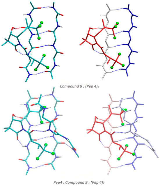 Finally, we extended our models to cover glycine tetrapeptides (Figure 8), optimizing two types of structures: (i) compound 9 interacting with two glycine tetrapeptides interacting in a β-sheet conformation (Compound 9:Pep42 structure), and (ii) compound 9 interacting with the Pep42 β-sheet structure and another Pep4 tetrapeptide chain opposite to the β-sheet, hydrogen bonded to the carbonyl group of compound 9 (Pep4: Compound 9:Pep42 structure). Energetics are shown in Table 3. As observed for dipeptides, there is a high capacity of compound 9 to interact with these tetrapeptide β-sheet structures by hydrogen bonds and interactions between the halogen atoms and the peptide π-bonds. Therefore, we obtain very favorable interaction energies that unequivocally show the capacity of compound 9 to interact with these peptides acting as an aggregating agent.
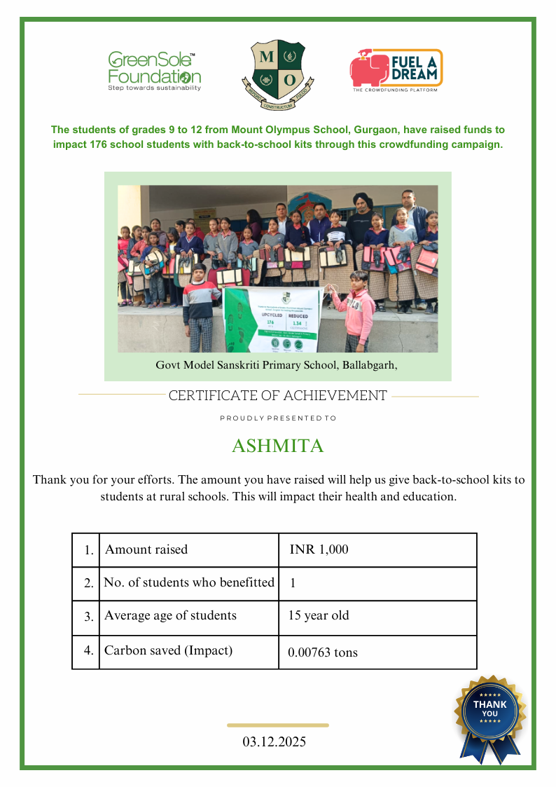 My name is ASHMITA . I am 16 years old and a Grade 11 student at Mount Olympus School, Gurgaon, Sector 47.
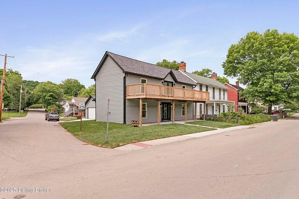 COMPLETELY RENOVATED! Everything is new, including heat/air, water heater, electric, plumbing, siding and roof. Home was lifted from railroad ties and new foundation was installed. Basically a new home. Inside is all new flooring and paint. Large living room leads to kitchen/dining area with all new fixtures, lighting, quartz counter tops new cabinet and access to rear of home.. Half bath off kitchen is also the laundry room with built-in cabinets. First floor primary suite features a private bath and walk-in closets. Two large bedrooms upstairs with a full bath and balcony that runs the width of the home. Directly across the street from the Kentucky River, with marina about 1/2 mile away. Peaceful public park behind the home. Plus a detached garage.
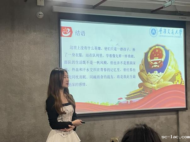 “这世上没有什么英雄,他们只是一群孩子,换了一身衣服,站在队列里,学着像先辈一样勇敢。”故事荟上,汪岚娟分享了自己当兵入伍的部队经历。从自己的成长背景出发,受到哥哥的影响义无反顾地选择成为了一名女兵,在新兵连里磨练意志、收获友情,在训练中对“军民一家亲”有了切实的体验。退伍回来的汪岚娟依旧保持着严谨踏实的行事风格,取得优异成绩的同时还担任学生干部,获得10余项个人荣誉称号。她的成长经历让同学们看到了不一样的大学生活,也感受到了入伍的魅力。她成长在新时代阳光下,发扬退伍不褪色的优良作风,将报国之心、强军之志融入个人理想追求之中,让奋斗基因融入青春血脉,让拼搏精神成为最鲜红、最厚实、最有力量的青春底色。
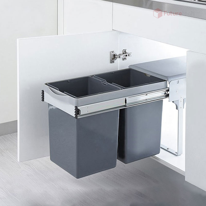 ถังขยะในครัว ถังคู่ ติดหน้าบาน สีเทา
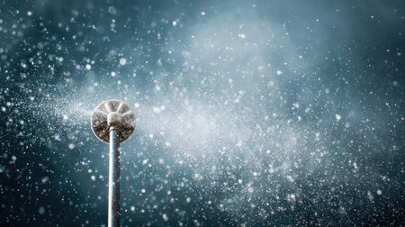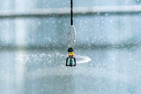 This image captures a detailed view of a water spray nozzle in action, creating a fine mist that enhances visual appeal and atmospheric quality.
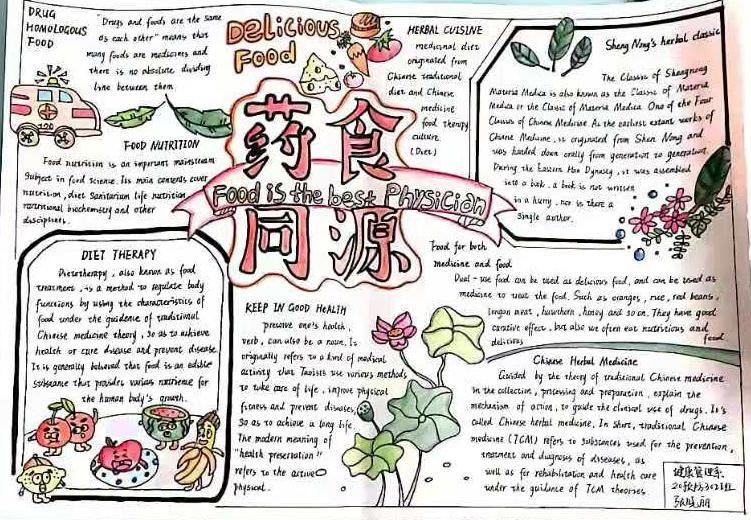 为弘扬优秀中华文化,增彩校园文化生活,传承中医经典文化精髓,增加同学们对中药的了解,让药膳走进同学们的生活,同时,以赛促教,提高同学们的英语写作水平及英文书写技巧,人文教学部外语教研室指导英语俱乐部于4月24日至5月10日期间开展“礼敬中华·春暖杏林”英文手抄报大赛。
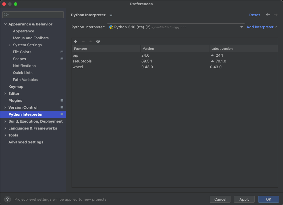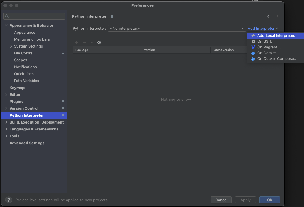 Python Interpreter > Add Interpreter > Add Local Interpreter...
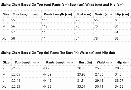 Sizing Chart Based On Top (cm) Pants (cm) Bust (cm) Waist (cm) and Hip (cm):
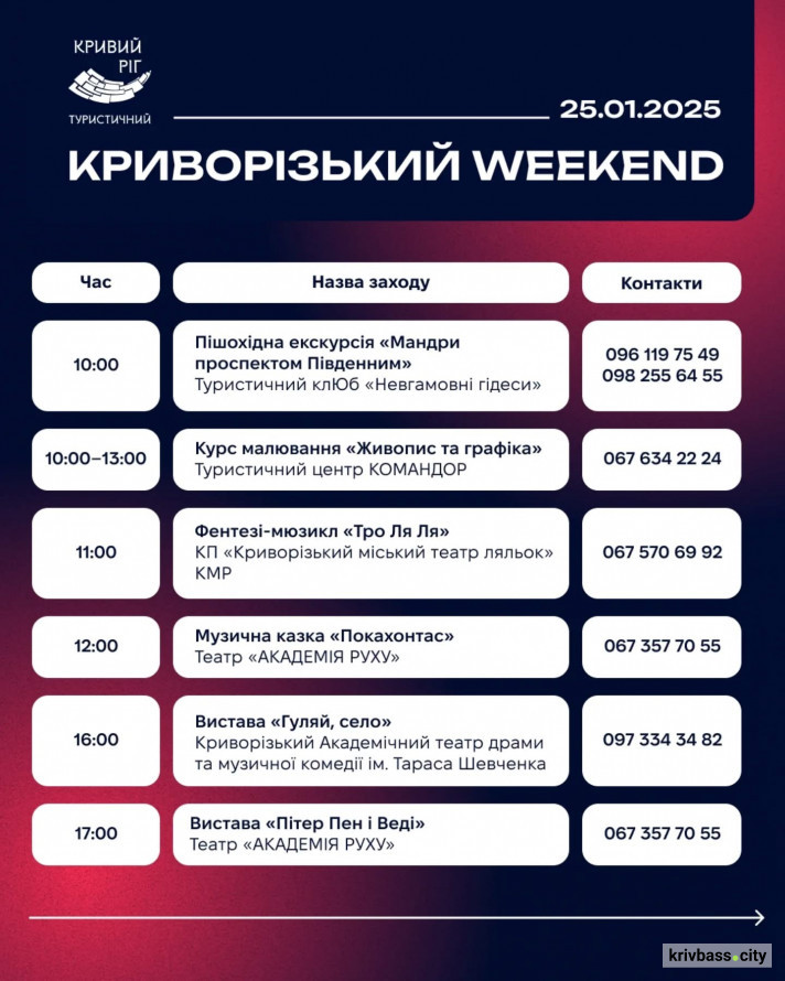 Цими вихідними, 25 та 26 січня, у Кривому Розі запрошть містян і гостей поринути в атмосферу культурного різноманіття, творчості та відпочинку.
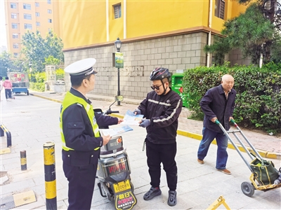 ◀ 近日,市公安局交警支队二大队民警走进社区、企业、学校,宣传“一盔一带”安全常识,并对不按规定佩戴安全头盔等违法行为进行整治,提高居民的文明交通意识和自我防护水平。
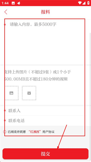 3、在报料页面,填写内容并勾选协议后,点击提交按钮即可完成报料。
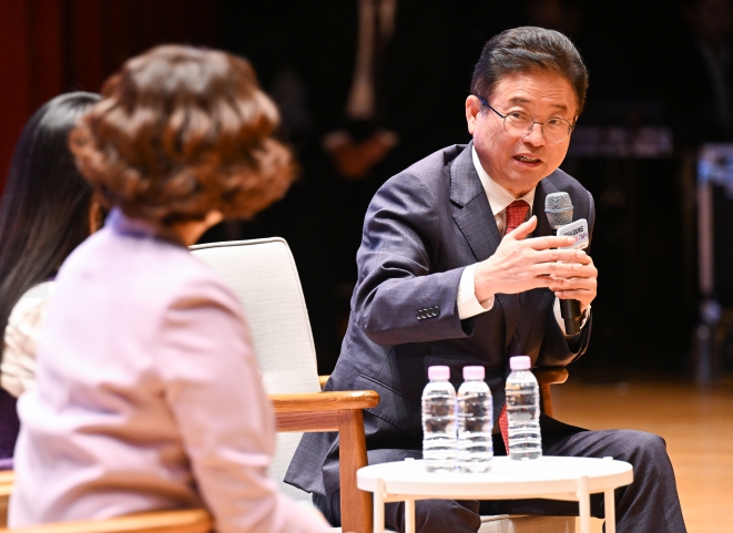 기념식 후 이어진 이철우 도지사와 함께하는 토크콘서트 ‘뜻밖의 위안’에서는 온라인과 현장에서 접수된 청년들의 가치관과 고민을 듣고 공감하면서, 도지사의 인생 경험을 바탕으로 한 격려와 응원으로 청년들에게 많은 위안을 주는 시간을 가졌다.
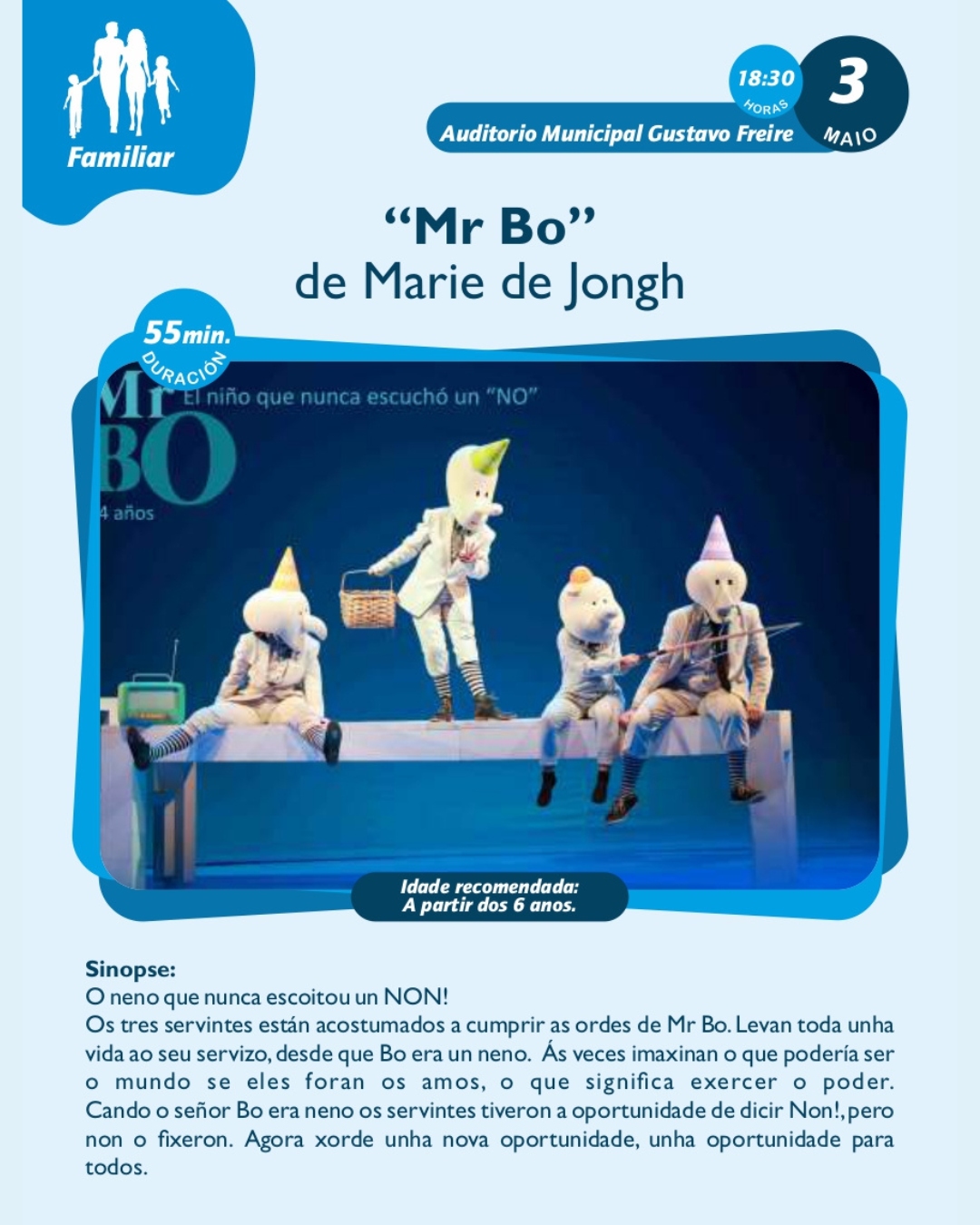 Familiar "Mr Bo" De Marie de Jongh Domingo, 3 de maio de 2026 18:30 hs. Lugar: Auditorio Municipal Gustavo Freire Idade recomendada: A partir dos 4 anos Sinopse: O neno […]
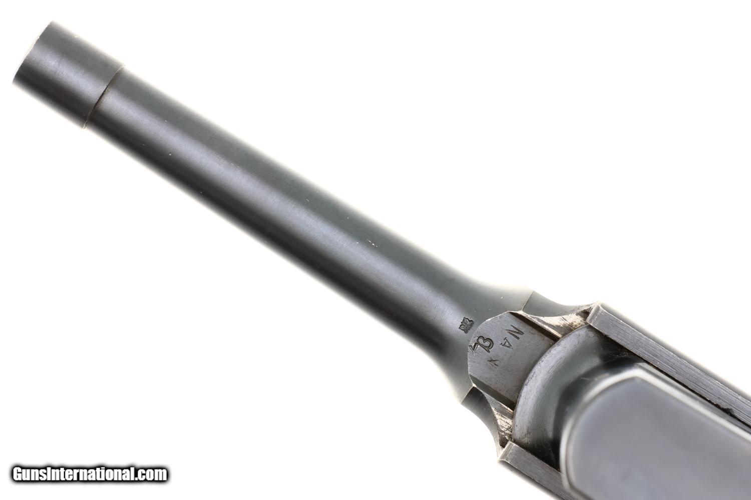 Description: Synopsis: Stunning, nearly new and all-matching Mauser Banner Bolo Broomhandle, a post war pistol with classic rust blue finish, peacock-blue small parts, and mirror bore. Virtually impossible to upgrade! Description: Phenomenal, all original, Mauser C96 Post War Mauser Banner Bolo, all matching serial numbers. Cal: 7.63mm. Standard configuration C96 Mauser Banner Bolo with rust blue finish having 3.9? barrel, slip-in 50-1000 meter tangent rear sight, small extractor, and small ring hammer. Three line “WAFFENFABRIK MAUSER OBERNDORF” address on top of chamber. Crown/C/U proofing on left chamber flat. Full SN: "637941" on left side of barrel extension. Left side of frame with narrow Mauser Banner. Usual two line address on right side of frame. Serrated walnut grips with matching serial number under both grip panels. Original lanyard ring that swivels side-to-side. SN: 637941 places this pistol within the documented Post War Bolo production range of approximately 440,000-793,350, manufactured from the early 1920s through 1930 Condition: 99+% bright original rust blue finish, with minimal sharp edge wear at tips and crest of rails. No wear on forward magazine well or frontstrap. Comparable condition fire-blued small parts. The bolt stop with minimal thinning at crest. Grips retaining virtually all original finish, with only a few handling marks at bottom. Mirror bright bore. Perfect manual mechanics. An exceptional and all matching Mauser Banner Bolo, nearly impossible to upgrade short of finding a similar example with a matching stock! Curio/Relic: Yes Manufacturer: Waffenfabrik Mauser Model: C96 Mauser Banner Bolo Pistol Serial Number: 637941 Caliber Info: 30 Mauser Condition: EXC Price: $4,995.00 Contact Seller |
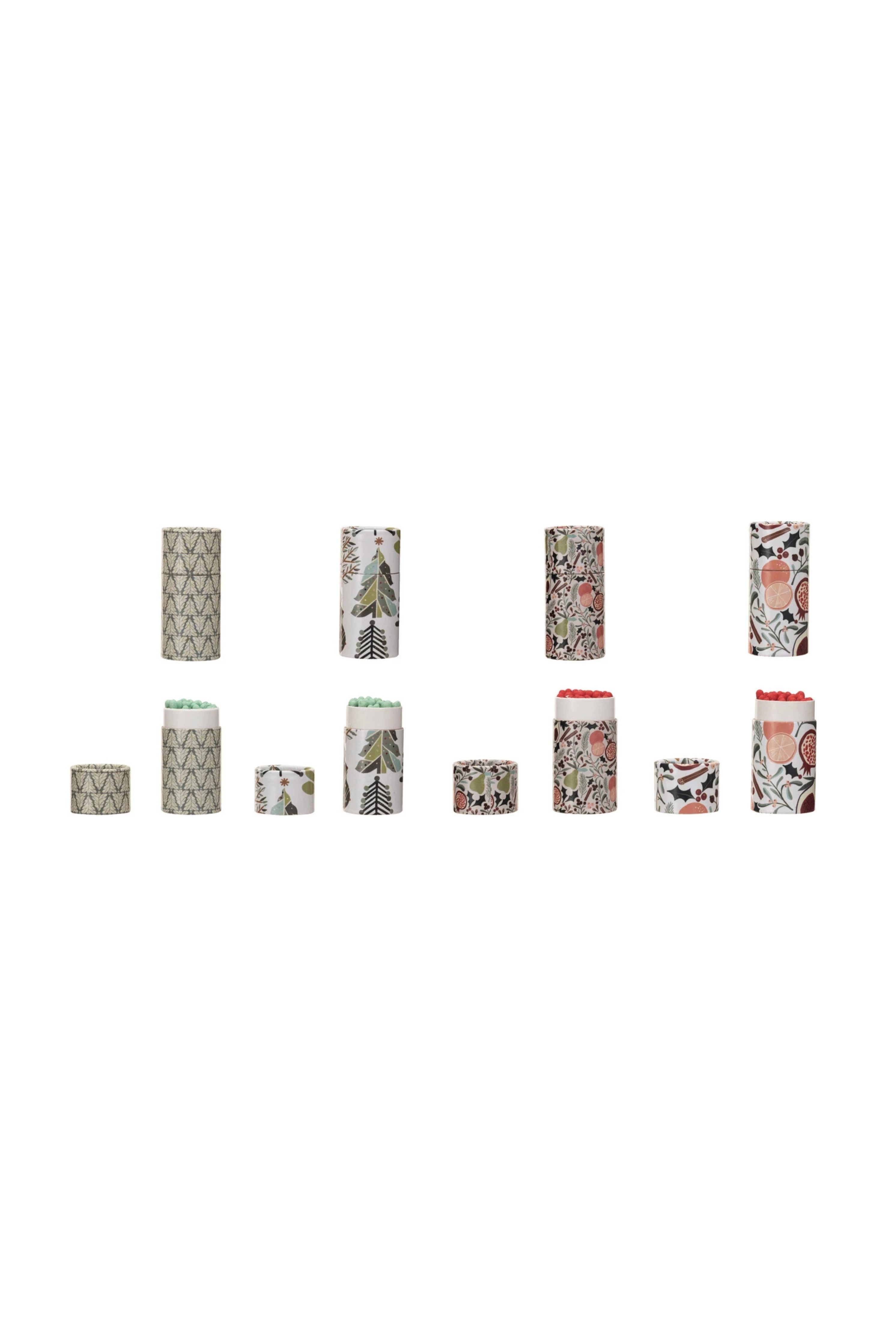 Light up the season with these festive safety matches, packaged in beautifully patterned tubes that double as décor. Each tube features a seasonal design, making them perfect for gifting or keeping on display beside your favorite candles.
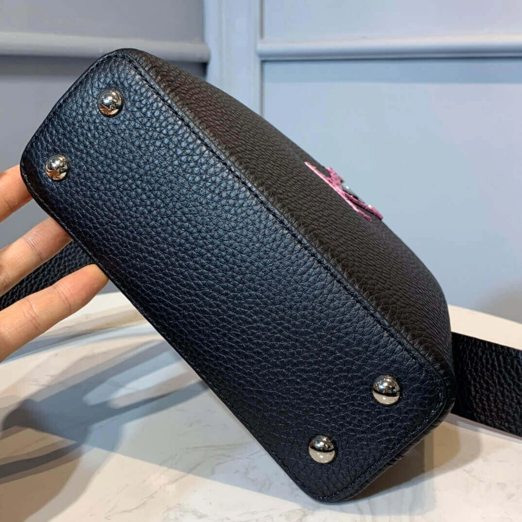 A wide, detachable strap enhances the bag’s modern edge, offering the flexibility of shoulder or cross-body styling. The thoughtfully designed interior and protective bottom studs combine practicality with high-end appeal, creating a truly versatile and chic piece.
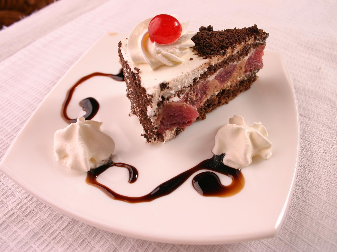 Wallpaper Piece of cake with ice cream on a white plate

· · · · · · ·

— Exercise —
Those lines of the records above that run from the one containing "This image captures" through the one containing "为弘扬优秀中华文化,增彩校园" should be returned exactly, with no pictures among them.

— Worked solution —
 This image captures a detailed view of a water spray nozzle in action, creating a fine mist that enhances visual appeal and atmospheric quality.
 为弘扬优秀中华文化,增彩校园文化生活,传承中医经典文化精髓,增加同学们对中药的了解,让药膳走进同学们的生活,同时,以赛促教,提高同学们的英语写作水平及英文书写技巧,人文教学部外语教研室指导英语俱乐部于4月24日至5月10日期间开展“礼敬中华·春暖杏林”英文手抄报大赛。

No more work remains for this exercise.